The cmake configuration file CMakeLists.txt is as follows. The HIP installation path is passed through the variable ROCM_DIR. The compilation here uses -DROCM_DIR=C:/Program Files/AMD/ROCm/6.2.

cmake_minimum_required(VERSION 3.13)
string(REGEX MATCHALL "[a-zA-Z]+\ |[a-zA-Z]+$" DIRNAME "${CMAKE_CURRENT_SOURCE_DIR}")
project(${DIRNAME} LANGUAGES C)
message(STATUS "PROJECT_NAME: ${PROJECT_NAME}")
set(CMAKE_C_STANDARD 11)

set(EXECUTE_FILE_NAME ${PROJECT_NAME}_${CMAKE_C_COMPILER_FRONTEND_VARIANT}_${CMAKE_C_COMPILER_ID}_${CMAKE_C_COMPILER_VERSION})
string(TOLOWER ${EXECUTE_FILE_NAME} EXECUTE_FILE_NAME)
message(STATUS "EXECUTE_FILE_NAME: ${EXECUTE_FILE_NAME}")

# setting aocl directory
if(DEFINED ROCM_DIR)
    message(STATUS "ROCM_DIR is set to: ${ROCM_DIR}")
else()
    message(FATAL_ERROR "ROCM_DIR is not defined. Please set it to the AOCL installation directory.")
endif()

set(CMAKE_C_FLAGS "${CMAKE_C_FLAGS} -D__HIP_PLATFORM_AMD__")

# Enable AOCL BLAS
set(ROCM_INCLUDE_DIRS ${ROCM_DIR}/include)
set(ROCM_LINK_DIR ${ROCM_DIR}/lib)
set(ROCM_LIBS "rocblas;amdhip64")

set(SRC_LIST
    src/main.c
    src/blas.c
)

add_executable(${EXECUTE_FILE_NAME} ${SRC_LIST})
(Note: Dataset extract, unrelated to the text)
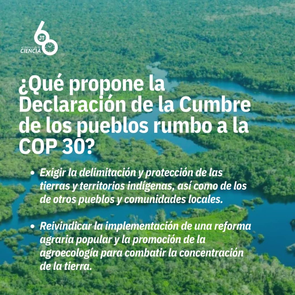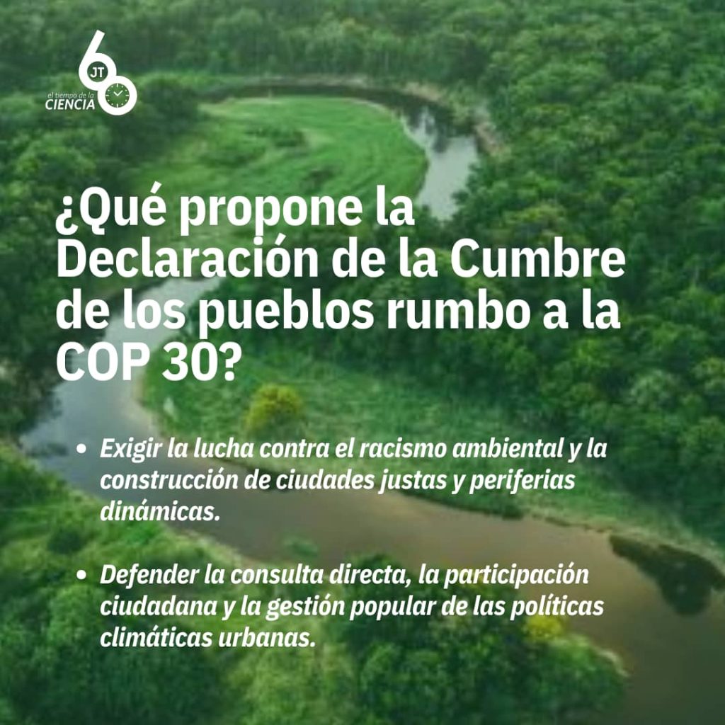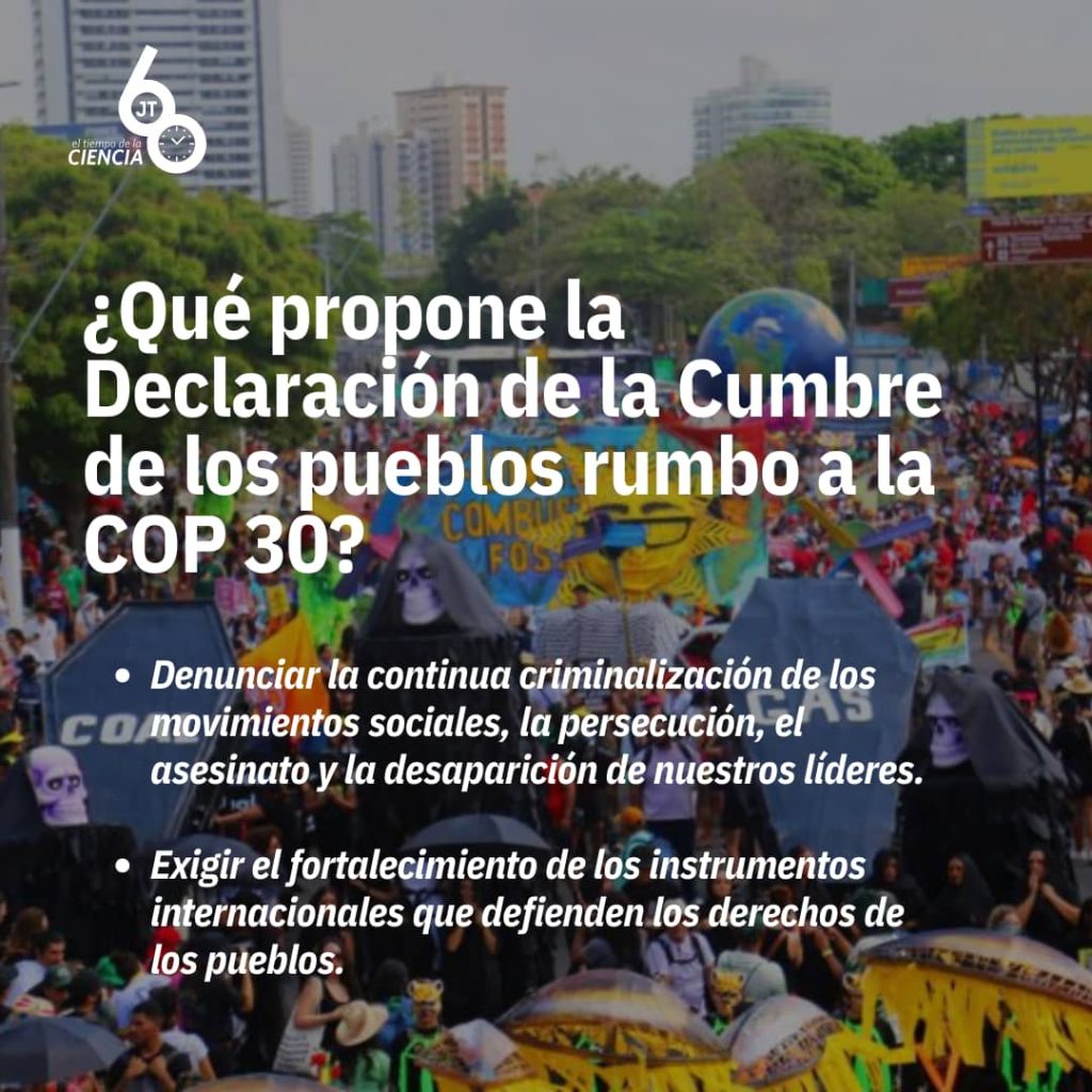 El documento resume el sentir de las más de 70 mil personas que participaron en la Marcha Global por el Clima, tanto en Belem, como en otras ciudades del mundo: “pueblos originarios y tradicionales, campesinos, indígenas, sindicalistas, personas sin hogar, mujeres, la comunidad LGBTQIAPN+, jóvenes, afrodescendientes, habitantes del bosque, del campo, de las periferias, de los mares, ríos, lagos y manglares…

target_include_directories(${EXECUTE_FILE_NAME} PRIVATE
    ${ROCM_INCLUDE_DIRS}
)
target_link_directories(${EXECUTE_FILE_NAME} PRIVATE
    ${ROCM_LINK_DIR}
)

target_link_libraries(${EXECUTE_FILE_NAME} PRIVATE
    ${ROCM_LIBS}
)

Compile using clang-cl of vs2022 on Windows platform, the running effect is as follows:

PS D:\example\efficiency_v3\rocm\build\Release> ."D:/example/efficiency_v3/rocm/build/Release/rocm_msvc_clang_19.1.5.exe" -l 10 -n 12
Using float precision for matrix multiplication.
1       : 4096 x 4096 Matrix multiply wall time : 0.595000s(230.990Gflops)
2       : 4096 x 4096 Matrix multiply wall time : 0.146214s(939.986Gflops)
3       : 4096 x 4096 Matrix multiply wall time : 0.147548s(931.486Gflops)
4       : 4096 x 4096 Matrix multiply wall time : 0.146811s(936.165Gflops)
5       : 4096 x 4096 Matrix multiply wall time : 0.152827s(899.311Gflops)
6       : 4096 x 4096 Matrix multiply wall time : 0.143523s(957.610Gflops)
7       : 4096 x 4096 Matrix multiply wall time : 0.147841s(929.642Gflops)
8       : 4096 x 4096 Matrix multiply wall time : 0.152921s(898.757Gflops)
9       : 4096 x 4096 Matrix multiply wall time : 0.173812s(790.734Gflops)
10      : 4096 x 4096 Matrix multiply wall time : 0.172323s(797.565Gflops)
Average Gflops: 831.225, Max Gflops: 957.610
Average Time: 0.197882s, Min Time: 0.143523s
PS D:\example\efficiency_v3\rocm\build\Release> ."D:/example/efficiency_v3/rocm/build/Release/rocm_msvc_clang_19.1.5.exe" -l 10 -n 12 -double
Using double precision for matrix multiplication.
1       : 4096 x 4096 Matrix multiply wall time : 1.694739s(81.097Gflops)
2       : 4096 x 4096 Matrix multiply wall time : 1.185994s(115.885Gflops)
3       : 4096 x 4096 Matrix multiply wall time : 1.262083s(108.898Gflops)
4       : 4096 x 4096 Matrix multiply wall time : 1.232974s(111.469Gflops)
5       : 4096 x 4096 Matrix multiply wall time : 1.156926s(118.797Gflops)
6       : 4096 x 4096 Matrix multiply wall time : 1.220483s(112.610Gflops)
7       : 4096 x 4096 Matrix multiply wall time : 1.270335s(108.191Gflops)
8       : 4096 x 4096 Matrix multiply wall time : 1.209922s(113.593Gflops)
9       : 4096 x 4096 Matrix multiply wall time : 1.226809s(112.030Gflops)
10      : 4096 x 4096 Matrix multiply wall time : 1.335011s(102.950Gflops)
Average Gflops: 108.552, Max Gflops: 118.797
Average Time: 1.279528s, Min Time: 1.156926s

The performance is similar to opencl, and we look forward to developing more features.